Friday, 10 December 2010

Where in those from Old England experience New England

We recently returned from our Thanksgiving trip to Boston. We had a wonderful visit, the Thanksgiving feast was prepared primarily by our wonderful hostess and it was amazing! I think there was only one American at the table, but the turkey, cranberry, sweet potatoes; pie etc would have made any American proud! Thanksgiving in the US celebrates the Pilgrims at Plymouth Colony giving thanks for surviving their first brutal winter in New England. But as ever with traditions and legends, history is often a lot more complex and controversial. If you care to; you can scroll down to the section headed, “Controversy” in the above wiki leak. Also an interesting BBC podcast about the issue can be found here. We did listen to this podcast on our trip to Plymouth, Massachusetts 

The trip to Plymouth was interesting for all of us, including our 6 year old companion (nephew of our friends) who had just been learning all about the pilgrims and Thanksgiving at school. The weather was beautiful, it was a little chilly but the blue skies and the sunshine did little to remind us of the brutal winter the first pilgrims would have given thanks for back in the 17th century. It is always an interesting reminder that these first pilgrims came out of Oliver Cromwell’s religious separatists and puritans. The Native Americans story is now no longer relegated to the footnotes of history as it once may have been. The pilgrims would have encountered the Wampanoag tribe when they disembarked from the Mayflower, although their encounter did little to remind them that this New England was not an unpopulated land. We did do the tourist thing in Plymouth and visit the Plimoth Plantation. An open air museum, which is slightly expensive and a bit contrived but an interesting experience nonetheless.The Mayflower II was the second old boat we saw in Boston. The first was the USS Constitution, we were shown around by a US Navy Sailor. The USS Constitution the world's oldest floating commissioned naval vessel. The HMS Victory is the oldest naval ship still in commission, but she sits in dry dock in Portsmouth, UK.
Our friends are active and interesting tour guides, even more impressive as they have only just moved to Boston. There is no need for an official guide when you have well informed friends; as we walked parts of the Freedom Trail. We climbed the 296 steps of The Bunker Hill Monument , we were rewarded by the pretty views of Boston from the top. The Bunker Hill Monument (A National Park) marks the first major battle of the American Revolution, this is the site of one of the most famous battle orders; "Don't fire until you see the whites of their eyes!" Another famous quote from the American Revolution is the cry, “The British are coming.” This warning was provided by Paul Revere and we stopped by his house near Little Italy.

Whilst in Little Italy or North End we enjoyed a delicious warming Italian feast and splurged on cannelloni’s from Mikes Pastry Shop. And the food did not stop there, I think I had the best hot chocolate ever as we walked around Cambridge.
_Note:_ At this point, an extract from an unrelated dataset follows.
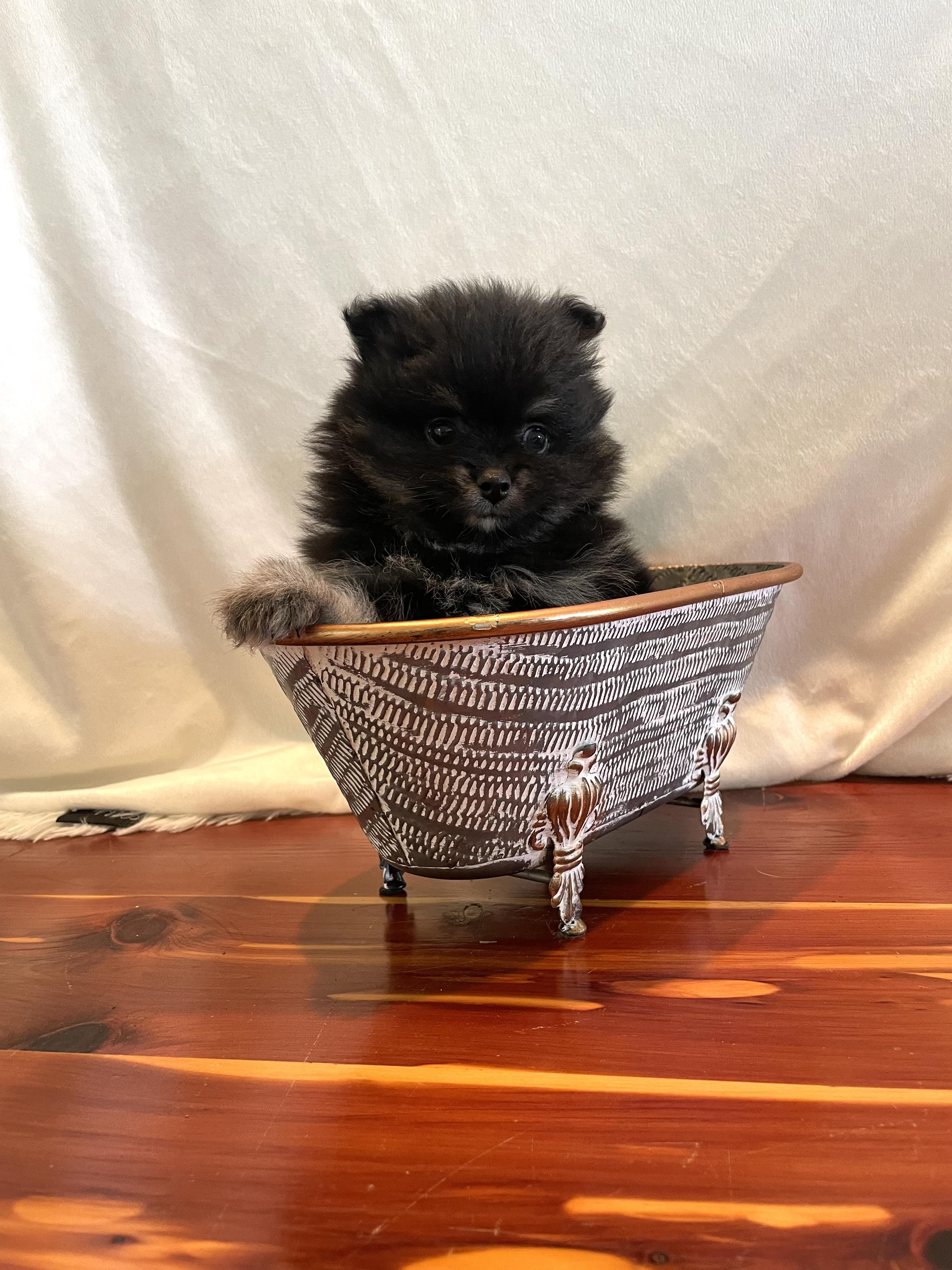 Our Pomeranian puppies include tri-colored, black and tan, chocolate sable, chocolate and tan, and orange sable. Shih Tzu puppies include tricolor, sable, chocolate and tan, chocolate, black and tan, black, liver, blue, gold, red, silver, and white. Colors will vary depending on the parent dogs.

The nicest surprise was that we discovered that Boston is not home to one but two Wagagmamas. Of course we indulged and it was superb! The other reminders of home were the terraced red brick houses, Quincy Market similar to Covent Garden, Boston Common and Boston Public Garden similar to the parks in London, and the shopping; Hotel Chocolat, H&M, Zara and French Connection UK. On a side note I decided to boycott FCUK due to their sexist window display which read, “The Man endures the holiday season and the Woman prepares for the holidays.”
We also made it to the venerable academic institutions that are MIT (Massachusetts Institute of Technology) where we saw the Frank Gehry building and Harvard. Finally but not least we also went to the JFK Presidential library. Living in Dallas for the last (gasp) nearly 4 years, we have visited the Sixth Floor Museum  a few times. So it was really nice to spend so much time at JFK’s library, which is a must see; if you are ever in Boston. (As a side note I am still trying to locate President Bartlett's library?)
We also returned to the Library to listen to a very interesting lecture on, “Voting Rights in the Kennedy Years.”  It was a fascinating and moving talk by Judge Gordon A. Martin  who discussed his new book Count Them One by One:  Black Mississippians Fighting for the Right to Vote, about the 1962 court case that resulted in one of the first victories for voting rights in the South.  Judge Martin was joined by John Doar, who worked for the Justice Department under Attorney General Robert F. Kennedy and successfully tried the case.  

And so ended our wonderful tour of Boston, New England a historic, beautiful and fun place; our friends provided the warmest welcome and whilst we are sad that they are no longer around the corner from us here in Dallas we are very thankful that they were able to host us in their new home, Boston.